Cualquiera entendería los esfuerzos denodados de Alejandro Moreno para perpetuarse en la presidencia nacional del PRI. Es un dirigente sin escrúpulos capaz de cualquier cosa con tal de mantener vivas sus ambiciones personales. A “Alito”, como se hace llamar el exgobernador de Campeche, lo que menos le importa son los intereses de su partido o de la nación. Su obsesión es procurar un fuero político que le permita enfrentar las investigaciones abiertas en su contra por enriquecimiento ilícito, lavado, defraudación fiscal, tráfico de influencias y desvío de recursos públicos.
Por eso se entiende su última jugarreta: una reforma a los estatutos del PRI que le permitirá extender su permanencia al frente del CEN y operar todo el proceso de transición sexenal. A nadie sorprenden esas argucias. Lo que asombra es que sean avaladas por los órganos directivos de su partido.
Cuesta creer que 458 integrantes del Consejo Nacional del PRI le hayan aprobado su capricho personal por encima de la legalidad institucional.
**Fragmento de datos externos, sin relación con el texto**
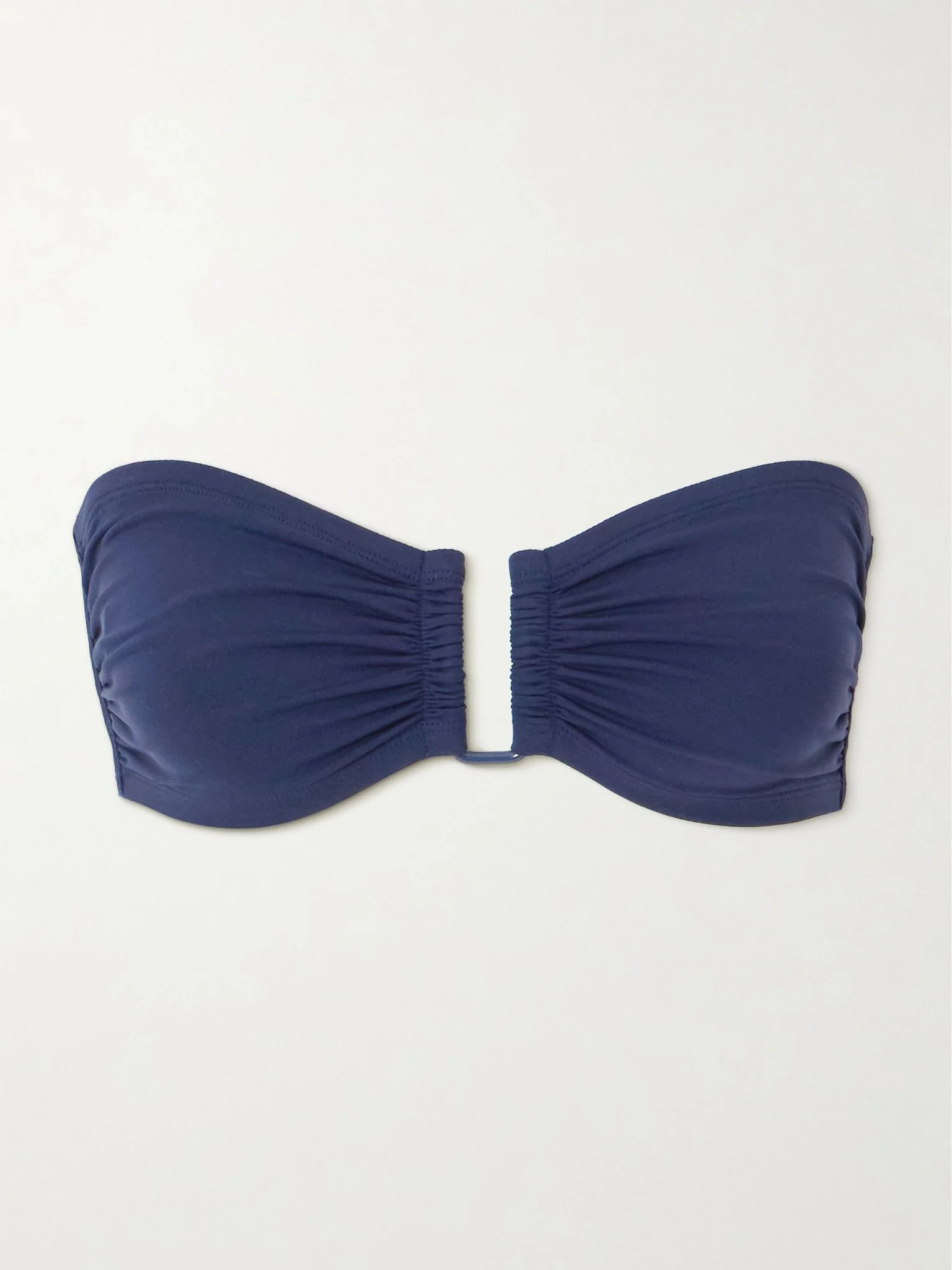 Eres' 'Show' bikini top is part of the label's 'Les Essentiels' collection – a capsule of timeless swimwear. It's crafted from the brand's signature smoothing and sculpting peau douce fabric and boned through the sides for light support. Small to size. See Size & Fit notes. Size & Fit - Fits small to size, take one size larger than normal - Those with a C cup or above may wish to take a further size up - French sizing Details & Care - Navy stretch-polyamide - Clasp fastening at back - 84% polyamide, 16% elastane - Machine wash - Designer color: Nautique - Lotion, sunscreen, oil and chlorine can cause discoloration of this item; this is not a manufacturing defect. Please follow care instructions to keep your swimwear in the best condition

Sin argumentos políticos ni legales, los priistas simplemente le confieren una patente de corso.
El partido no tiene margen de error, está a punto de desaparecer, pero no puede con el lastre de su naturaleza —enjuagues, transas y negociaciones oscuras— y vuelve a caer en sus propios artificios.
No nos sorprendamos, pues, que los planteamientos de Morena y sus aliados —la visión obtusa de la 4T— sigan encontrando eco en los amplios grupos de la sociedad desencantados con esta “oposición”.
Moreno personifica a un priismo que nadie quiere de vuelta, pero ahí está resistiendo a morir, vivificado por sus dirigentes y consejeros.